Count me as one person who is not saddened that the serial destruction that the Democrats' cheerleaders in big media have wrought on our Republic is now coming back to haunt them; if ever there was evidence of "what goes around comes around"--big media's collapse would be a perfect ironical ending to years of their ever-intensifying treachery and propagandizing. I won't be losing any sleep over that one.

Speaking of treachery, did you see the story today on Drudge about Washington State sending out 250,000 separate ONE DOLLAR food stamps this week?? All courtesy of the gigantic blank stimulus checks that Obama's catastrophic pork monstrosity issued to irresponsible (i.e. mostly Democrat) State legislatures and Cities. Man, I cannot wait for that new Frisbee golf course in Austin: all $886,000 of it... Woo hoo!

A dollar in food stamps, 250K of them sent out, each with a .40 stamp--now that is "change" you can believe in: pocket change. When Obama ran on a platform of "Hope" at the time even I did not interpret that slogan to mean "Hope for a miracle..." Yet this realistically is where we find ourselves.

President Bush: would you consider an encore performance? If we apologized and begged?

So, yes--tonight I find myself looking for a parachute. But who knows; maybe Bobby Jindal can somehow make some lemonade out of all these lemons. Notwithstanding that in less than one month Mr. Obama has already left us one enormous pile of lemons. And that pile is growing at an unprecedented--unheard of--exponential rate, greater than any spender in all of Presidential history... in fact this one bill had enough pork to have funded the last eight years of wars in Iraq and Afghanistan. And then some.

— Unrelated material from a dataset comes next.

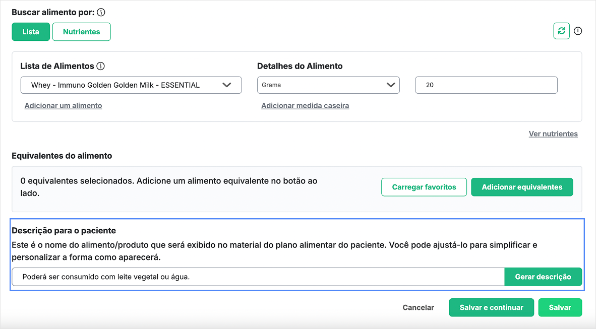 A área de Descrição para o paciente, no Dietbox, permite personalizar como alimentos e suplementos são apresentados. Isso melhora a compreensão da prescrição, reduz dúvidas e aumenta a adesão ao tratamento.

What really sent me over the top was listening to Obama the other day talk about "cutting" this massive deficit he "inherited" (this means by raising your taxes)--in a speech where he used the word "crisis" some 46 times in less than 10 minutes.

The facts, naturally are a bit different: if you consider that Obama "inherited" a deficit of $740 billion from Bush, which in less than a month has grown to about 3 trillion (if you count the interest--otherwise it has only doubled in one month to a mere $1.2 trillion -- but with health care "reform" and bank bailouts still to come...). In all, our reality and humility-bereft orator-in-chief has truly done a remarkable job in making that "inheritance" explode...

Jesus was said to have taken a couple of loafs of bread and fed ten thousand people with it. Our current "messiah" seems to be going the other direction: he has taken a loaf of bread and reduced its long-term future value to about one ten-thousandth of what started with--in just 4 weeks! You can almost make book on it: every time he or Geithner open their mouth, the Dow drops another 500 points. The Dow has lost half of its value...since the election.

The markets don't listen to the preaching of the New York Times or MSNBC--they deal with the real world.

At the rate our country is disintegrating, I'll take Pharaoh over this "messiah".

2 comments:

  1. I know what I'd do with that $1 food stamp check.

    I would have it silkscreened into a T-shirt and then below it print How's this for change? In capital letters.